Sur ses mots son corps fut pris d'une secousse étrange, son visage s'étira, ses yeux diminuèrent, ses pommettes grimpèrent dans des hauteurs insoutenables et sa bouche se déforma d'un rictus monstrueux. La pièce s'emplit d'un rire macabre et sarcastique se cognant contre les murs tremblants de honte. Il enfla telle une bête, occupant le maigre espace de la cellule, étouffant ses occupants jusqu'à l'asphyxie. Un rire si horrible qu'on aurait voulu l'éteindre, qu'on aurait voulu serrer le cou du maigre et effilé prisonnier avec nos propres mains. Enfin son rire s'essouffla et la lourde atmosphère s'éclipsa pour laisser le nouveau venue terrorisé de cette soudaine illumination...
Il n'était pas libéré, il était enfermé avec eux.

POURQUOI ?

La rose respirait, les lumières éteintes et les prisonniers endormis il était possible d'entendre son souffle sifflant et suffoquant, de voir ses pétales s'animer gonflant peu à peu. Elle se transformait, grandissant de seconde en seconde tandis que son souffle se faisait rauque et affirmé. Désormais ce n'était plus qu'une épaisse tâche carmine et informe. L'obscurité avait disparu sous sa clarté chatoyante. Le prisonnier laissa ses mains tremblantes glisser contre le barreau froid, abasourdi il chercha du regard une échappatoire mais désormais il n'y avait plus rien. Ni drogue, ni porte. Seulement ces murs et cette lumière dévastatrice brûlant ses yeux grands ouverts. Si il les fermait il était persuadé qu'il ne les ouvrirait plus jamais or il ne voulait pas finir avec eux. Il approcha ses mains sans s'en rendre compte vers son bassin, les glissant sous son ample pull émaillé et gratta sa peau jusqu'au sang: jusqu'à ce que la nuée d'araignée ne soit plus dans son esprit et que seule la douleur se fasse ressentir, jusqu'à que ces ongles soient maculés de son propre sang pour oublier celui que les autres ont versé. Cependant la lumière s'approchait de plus en plus et il sentait l'extrémité de son nez fondre sous la chaleur, sa peau devenait gluante, liquide. Son corps s'était joint au sol, découvrant ses os noir cendre.
Soudainement il sentit une pression sur son épaule et la lumière disparut, laissant l'homme hagard à nouveau.

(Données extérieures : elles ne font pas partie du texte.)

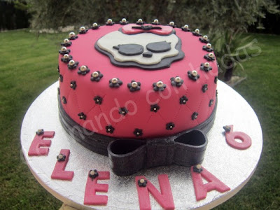 Elena tenía dudas sobre el tema de su tarta, y al fin se decidió por las Monster High. En este caso el bizcocho era sabor a fresa. Compré un saborizante de fresa en keyks que está de muerte. Preparé el bizcocho de yogurt y lo rellené de nata vegetal... parecía que estábamos comiendo fresas con nata!!!.
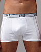 Модные мужские трусы-боксеры облегающего типа с эластичным поясом, украшенным фирменной надписью. Анатомического покроя. Декорированы полосками.
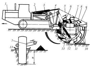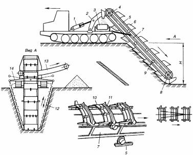 Рис. 103. Скребковый двухцепной экскаватор: 1 – гидроцилиндры; 2 – рычаги; 3 – ленточный конвейер; 4 – ведущие звездочки; 5 – замкнутые пластинчатые цепи; 6 – ковши; 7 – наклонная рама; 8 – натяжные звездочки; 9 – промежуточные ролики; 10 – режущие элементы скребкового типа; 11 – транспортирующие заслонки; 12 – активные цепные откосообразователи; 13 – ленточный конвейер; 14 – качающийся
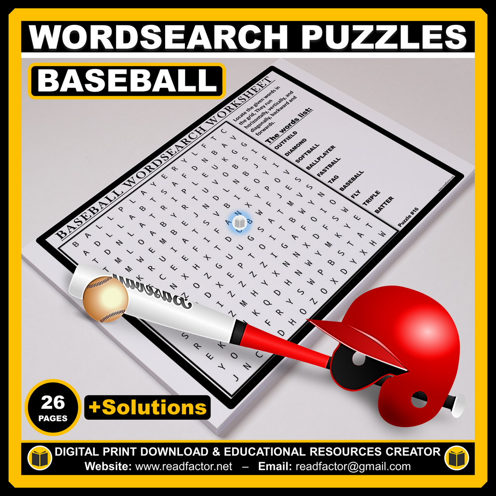 BASEBALL Word Search Puzzles 26 Worksheets + Solutions
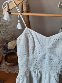 Mini abito in puro cotone TG small colore bianco candido tutto traforato in sangallo con sottoveste sempre in cotone Nuovo
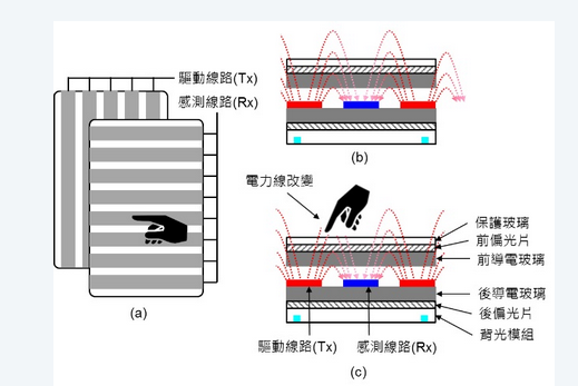 觸摸線路(Sensorpattern)的驅(qū)動線路(Tx)與感測線路(Rx)到底要做在那里比較好呢?每一家公司各有自己的技術(shù)與專利,基本上各有優(yōu)缺點,并沒有決對的好壞,簡單從圖一(c)的液晶面板構(gòu)造可以看出,能夠制作觸摸線路的地方不外乎前導(dǎo)電玻璃的上方或下方、后導(dǎo)電玻璃的上方三個位置。
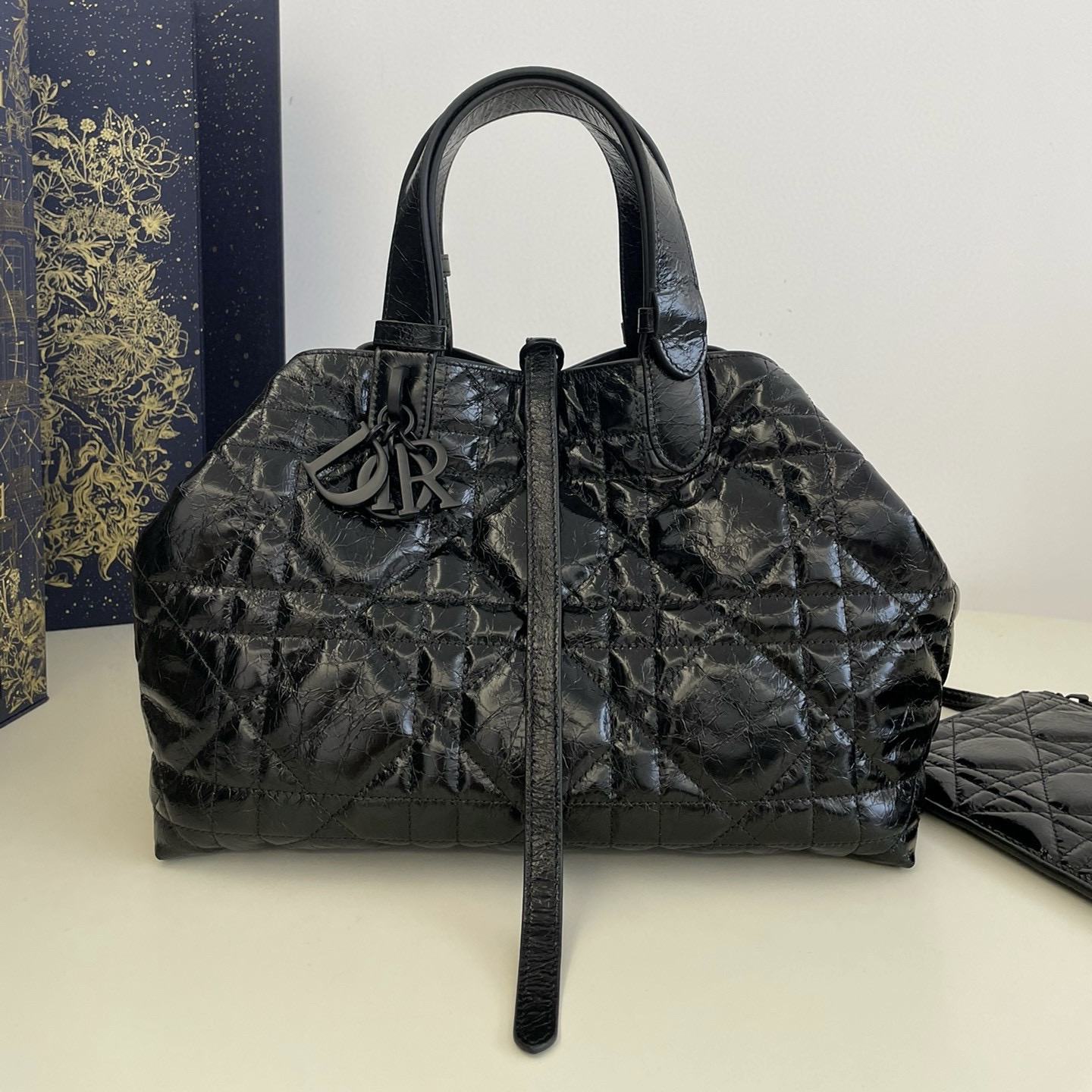迪奧女包 怎麽辨別真假 大號 Dior Toujours 手袋 黑色褶皺牛皮革超大藤格紋
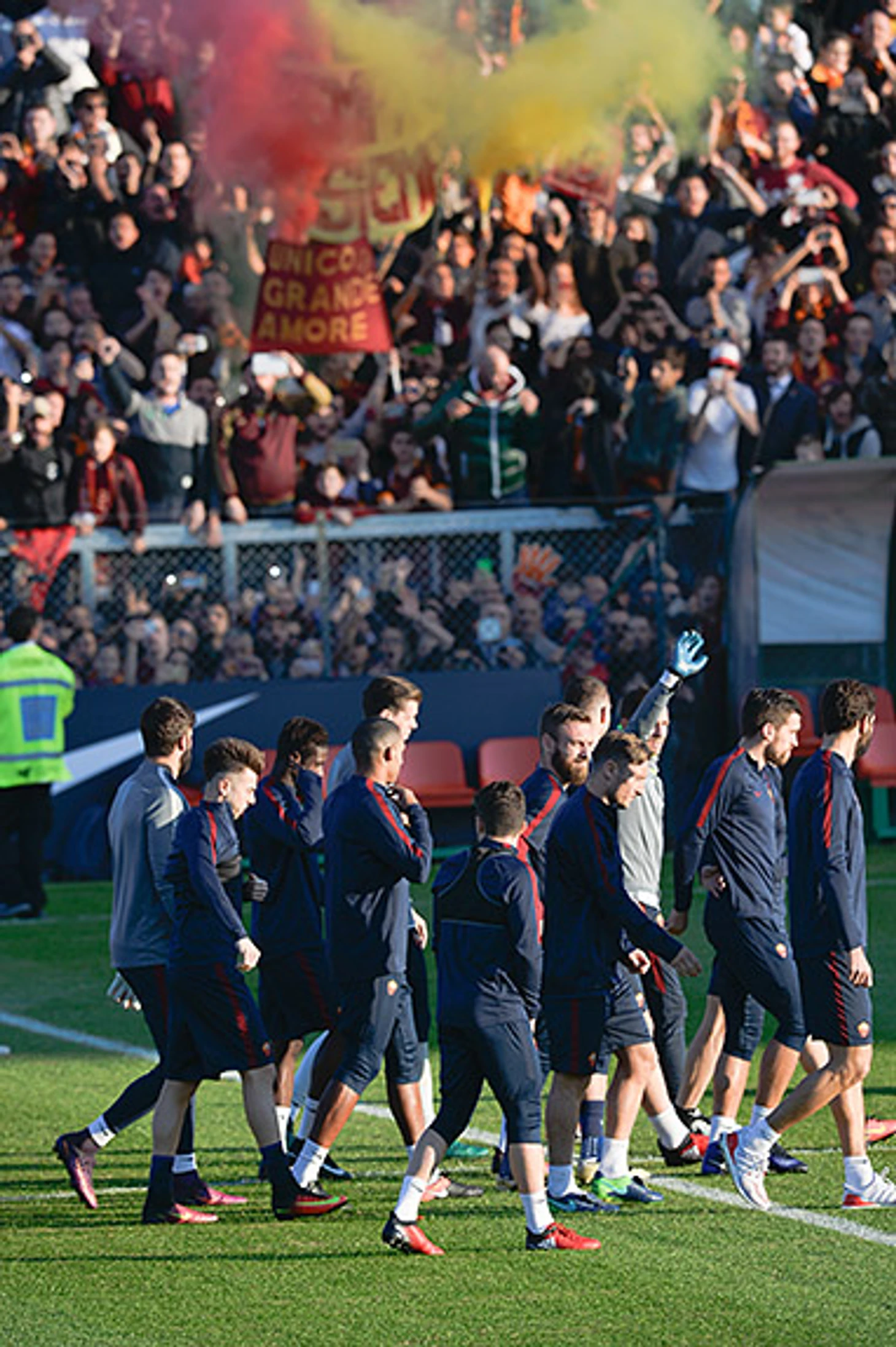 В воскресенье «Рома» в римском дерби обыграла «Лацио». В понедельник Лучано Спаллетти перенес тренировку на Stadio Tre Fontane, где играет молодежная команда, и сделал ее открытой.

"Pourquoi ne vas-tu pas dormir camarade ?"

Un rat avait fait irruption dans la cellule, couinant, filant entre les jambes de l'homme. Il n'avait jamais autant ri, ses muscles l'assaillait de douleur tant ils étaient stimulés. Les animaux ne le trouvaient pas fou, ils comprenaient. Ils ont toujours été à moitié entre le monde des esprits et celui des hommes, vacillant entre leur réalité et la notre, riant des hommes et respectant les esprits. Ce rat savait et pour cela l'homme voulu de lui, partageant ses maigres repas, jouant avec lui, lui donnant un nom. De l'autre bout du blafard couloir un garçon glissa son visage caramel entre les barreaux longilignes, observant de ses grands yeux noirs le rat et son maître. Sa voix forte et grasse traversa le couloir, attirant l'attention de l'homme.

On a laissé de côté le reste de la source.